THE TASK | Go to the line containing "Much Like the" in the records below and print it and every following line exactly, on through the line containing "ξεχωριστά παραδοσιακά προϊόντα.", then stop.

SOURCE INFORMATION |
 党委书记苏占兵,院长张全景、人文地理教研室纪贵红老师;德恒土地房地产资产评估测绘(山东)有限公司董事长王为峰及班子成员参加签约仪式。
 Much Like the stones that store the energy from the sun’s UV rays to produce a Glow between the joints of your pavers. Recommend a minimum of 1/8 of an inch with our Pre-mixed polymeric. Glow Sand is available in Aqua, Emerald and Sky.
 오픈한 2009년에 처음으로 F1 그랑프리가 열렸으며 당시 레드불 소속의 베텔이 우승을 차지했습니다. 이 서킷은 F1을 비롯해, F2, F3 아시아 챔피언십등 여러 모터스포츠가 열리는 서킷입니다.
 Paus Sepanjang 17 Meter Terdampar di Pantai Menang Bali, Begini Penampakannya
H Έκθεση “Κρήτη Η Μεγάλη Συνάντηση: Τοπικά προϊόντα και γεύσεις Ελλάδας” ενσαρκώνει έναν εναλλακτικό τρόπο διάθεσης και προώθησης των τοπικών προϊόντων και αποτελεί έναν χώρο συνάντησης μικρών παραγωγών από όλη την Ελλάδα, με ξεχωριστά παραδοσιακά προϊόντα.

==

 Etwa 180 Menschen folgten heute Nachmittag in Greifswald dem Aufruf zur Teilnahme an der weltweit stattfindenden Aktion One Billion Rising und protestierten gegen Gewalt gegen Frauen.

* * *

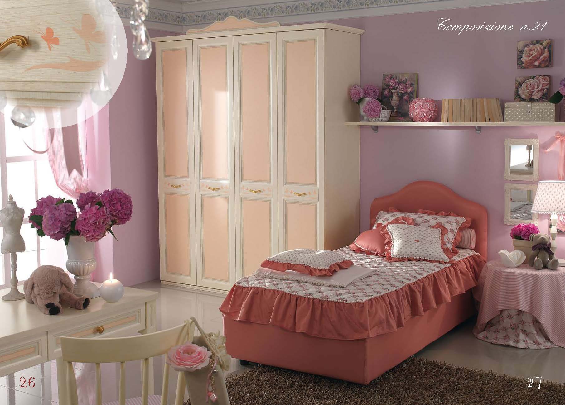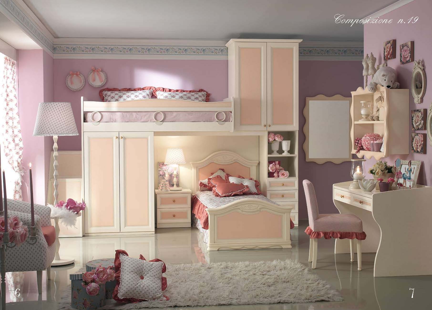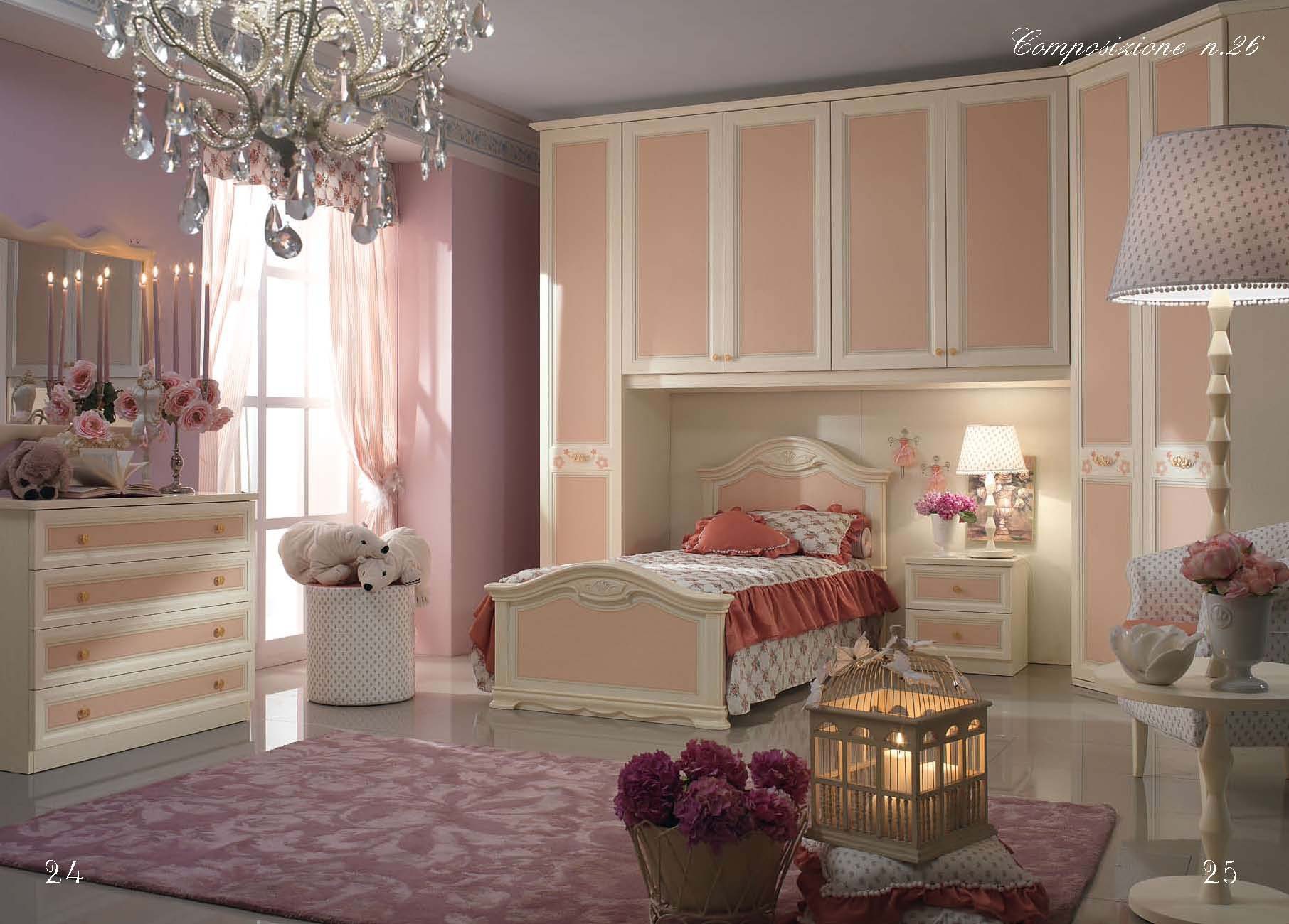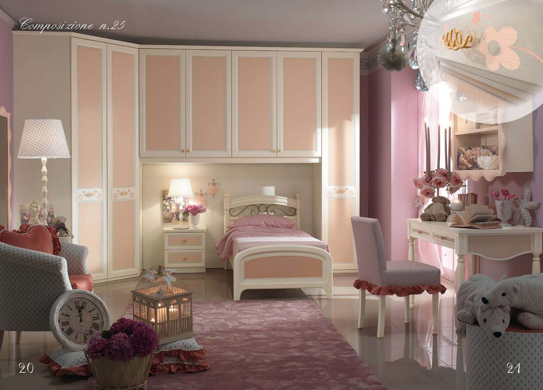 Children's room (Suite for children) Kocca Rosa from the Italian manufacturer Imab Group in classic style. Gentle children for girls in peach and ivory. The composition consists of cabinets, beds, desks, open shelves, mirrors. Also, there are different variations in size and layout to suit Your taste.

RESULT |
 Much Like the stones that store the energy from the sun’s UV rays to produce a Glow between the joints of your pavers. Recommend a minimum of 1/8 of an inch with our Pre-mixed polymeric. Glow Sand is available in Aqua, Emerald and Sky.
 오픈한 2009년에 처음으로 F1 그랑프리가 열렸으며 당시 레드불 소속의 베텔이 우승을 차지했습니다. 이 서킷은 F1을 비롯해, F2, F3 아시아 챔피언십등 여러 모터스포츠가 열리는 서킷입니다.
 Paus Sepanjang 17 Meter Terdampar di Pantai Menang Bali, Begini Penampakannya
H Έκθεση “Κρήτη Η Μεγάλη Συνάντηση: Τοπικά προϊόντα και γεύσεις Ελλάδας” ενσαρκώνει έναν εναλλακτικό τρόπο διάθεσης και προώθησης των τοπικών προϊόντων και αποτελεί έναν χώρο συνάντησης μικρών παραγωγών από όλη την Ελλάδα, με ξεχωριστά παραδοσιακά προϊόντα.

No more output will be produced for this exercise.